In the global north geontopower might appear to be a formation of power succeeding biopower. There we hear the sounds of a growing realization, in the natural and philosophical sciences, that not only is the division between Nonlife and Life an artificial and superficial understanding of the interdependencies of all forms of existence, but also, in the wake of climate toxicity, downright dangerous. But geontopower is not a new formation of power. This division, and the hierarchical relations it creates, has long operated “in the open” in settler colonialism. It allowed colonialism and capitalism to sever and then to relate a hierarchy of things, rights, and values—the rock and mineral, the indigenous and black, the white and his glorious future. All these divisions were knotted and reknotted in ways that sought to maintain the purpose of the colonial order of things: the contouring and channeling of all and anything toward a European surplus. In other words, the geontological division of Life and Nonlife is not merely a division but an opportunity for a set of further divisions as maneuver: the civilized and primitive, the white race and others, Dasein as the world’s rich standing up and apart from the world poor with no world at all. Indeed, the world’s rich were promised so much if they agree to these divisions and hierarchies: the rock, the native, the black, the white. The divisions and hierarchies of Life and Nonlife, the animate and inert, the fossil and the rock, functioned as a framework within which colonizers made sense of and justified their minor and major atrocities. The ravagement of lands? The dominion of life over the lifeless; man over nature. The extermination of people? The divisions of life as it unfolds into greater civilizational complexity, humans over the animal world, Europeans over everyone else. Thus as Christina Sharpe has noted, this division allowed other difference and relations, such as the colonial dynamics of that pitted Native Americans and Africans against each other.11 Little wonder then that the U.S. lined up police equipped with “more than $600,000 worth of body armor, tactical equipment and crowd control devices” to rip through and run over the originary politics of Standing Rock.12 Capitalism depends on creating by destroying and then erasing the connections between the material wastes it leaves behind and the glimmering oasis of privilege this waste affords.
Hopefully this quick summation provides some sense of what geontopower means.13 But what does geontopower seek to be? Does it seek to be a minor note in an illustrative line of questions: What is Enlightenment? What is Critique? What is a Concept? Is geontopower a moment of left enlightenment? Is it an instance of critique? Is it a concept? Human liberation from the tutelage of his traditions? The human decision to be governed differently? The transformation of what is but has yet to be? If geontopower is a concept oriented toward left progressive critique, for instance, does this mean that in being a concept, geontopower inaugurates an event with a homogeneous application everywhere, without remainder, and without itself being affected by its movement across territories? In other words, does geontopower equally and effectively describe processes happening in the multiple hearts and edges of cities as well as megalopolises, rural enclaves, and winding deserts? And is such a territorial scope and resilience—a quality of things that can be said to be universal—necessary for a concept to act as a concept as such?

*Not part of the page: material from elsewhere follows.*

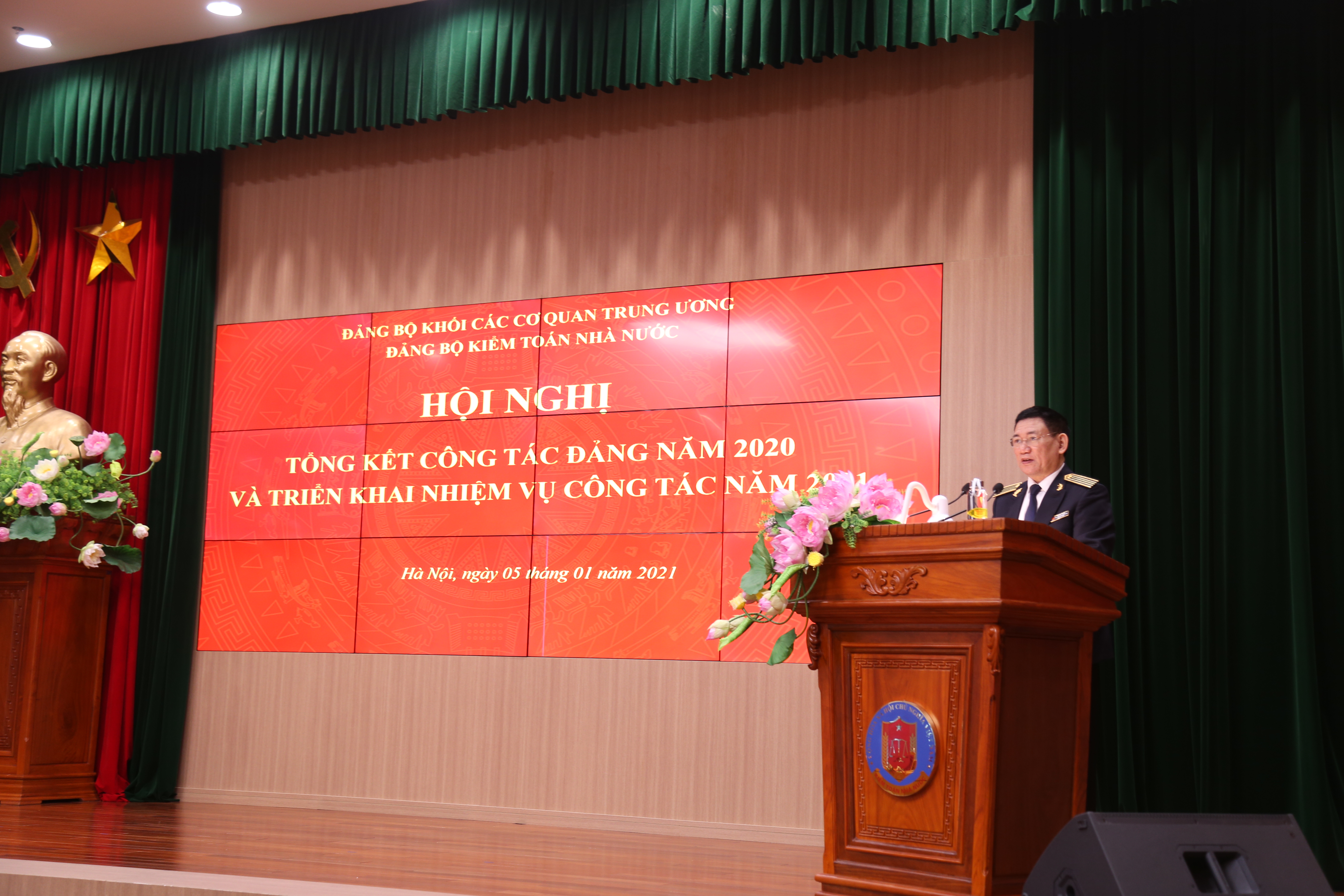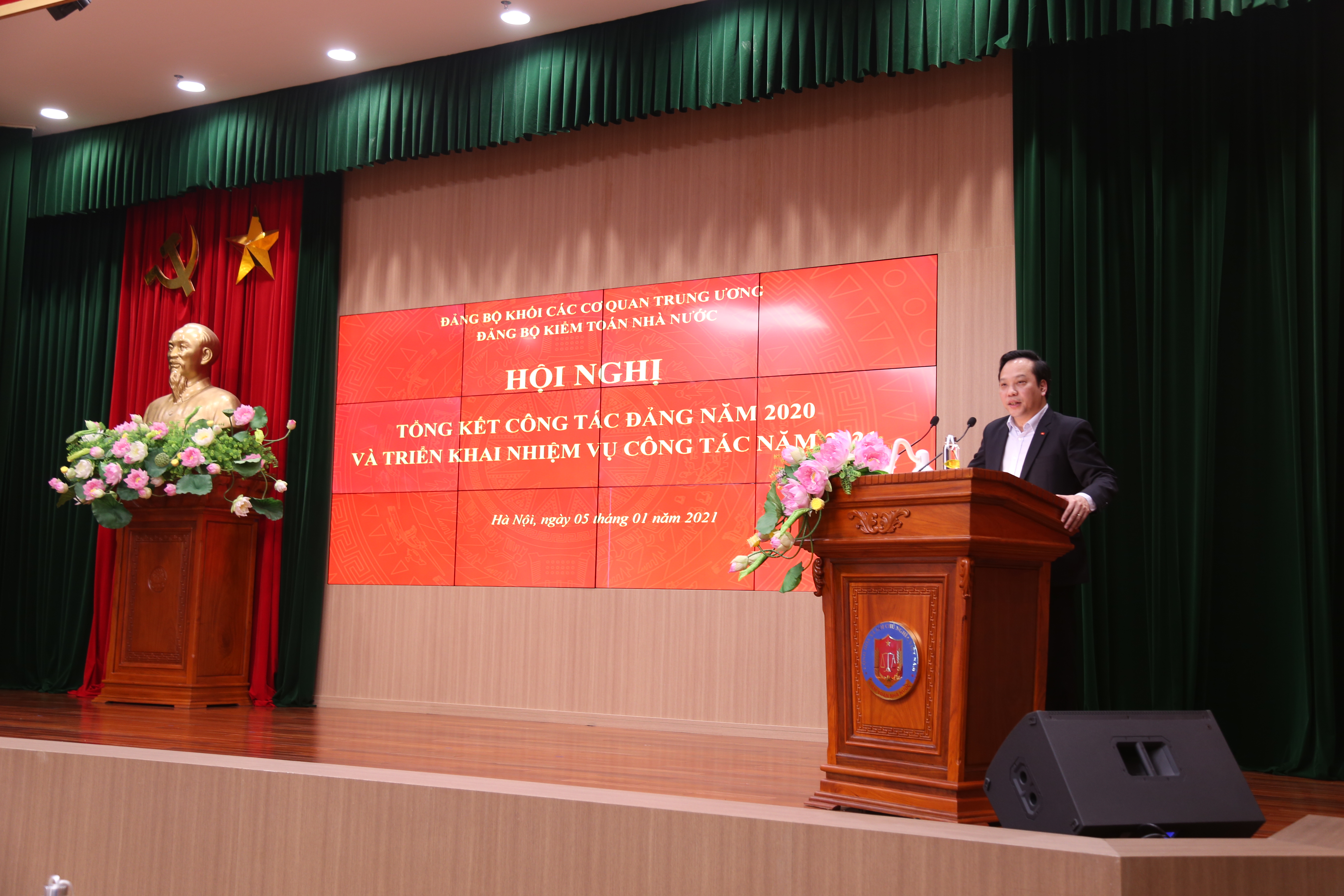 Phát biểu chỉ đạo Hội nghị, đồng chí Đỗ Việt Hà - Phó Bí thư Đảng ủy Khối biểu dương những thành tích Đảng bộ KTNN đã đạt được trong năm 2020; trong năm 2021, đồng chí Đỗ Việt Hà yêu cầu Đảng ủy KTNN cần tiếp tục quan tâm, tạo điều kiện phát huy tinh thần chủ động, sáng tạo gương mẫu của đảng viên, phối hợp với BCS đảng lãnh đạo thực hiện tốt nhiệm vụ chính trị của Ngành. Nhấn mạnh hoạt động của KTNN thuộc lĩnh vực nhạy cảm, nhiều thách thức, Phó Bí thư Đảng ủy Khối yêu cầu Đảng ủy KTNN cần chú trọng công tác giáo dục chính trị, tư tưởng, đào tạo, bồi dưỡng, luân chuyển, quy hoạch, tạo nguồn cán bộ tại chỗ và có giải pháp để quản lý đảng viên. Đồng thời, đẩy mạnh, nâng cao hơn nữa công tác phối hợp với các Bộ, ngành địa phương, góp phần giúp KTNN hoàn thành tốt nhiệm vụ được giao.

My answer is no. Moreover, geontopower seeks to understand what is being done when a concept aspires to such jurisdiction. In order to suggest what I mean by this, let me review what I think are two fairly uncontroversial claims implicit in everything that I have been saying so far. The first is that the worlds Europeans encountered had understandings of human and nonhuman reciprocity deeper and richer in practice and analytics than any model which proposes, with more or less analytic sensitivity, a singularity (animism), a dualism (animism and totemism), or a quadral (animism, totemism, naturalism, analogism) of the other. And this is because even if these concepts capture some general actuality, within all of them were, are, and always will be multiple possible and actual analytic otherwises. This is true for a very simple reason. Actuality is riven with specific and continual human and nonhuman movements, shifts and adjustments. Each and every one of these shifts and readjustments are taken into or ignored in accounts of why and what for—why a creek gave no fish, why the sky went dark, why my son died rather than yours. Every shift opens more than one, if not an infinity, of possible ways of interpreting an event, quasi-event, and intensification without eventfulness even within any one generally agreed framework of existence—and even if the interpretive possibilities are ignored. In other words, there is no reason to assume that the worlds Europeans encountered operated like badly programmed computers following principles carved in stone and recited by rote. No matter how perfectly elders passed down oral texts from generation to generation, these texts encountered lands and nonhuman beings in constant movement and adjustment and thus could be interpreted and reinterpreted.
This leads to my second point. As against dominant western understandings, there is not reason to conflate creativity with a violent interruption of the past, or with an inauguration of a new future. Pre- and anti-colonial worlds need not rip time in order to create, nor did they need to refuse time in order to remain the same. A constant attentiveness to the adjustments and innovations necessary to keep human and nonhuman forms in a co-constituting relation was a creative core to the ancestral present. This ancestral present is something always being kept in place. The viciousness of settler and other forms of colonialism made this ongoing task critical.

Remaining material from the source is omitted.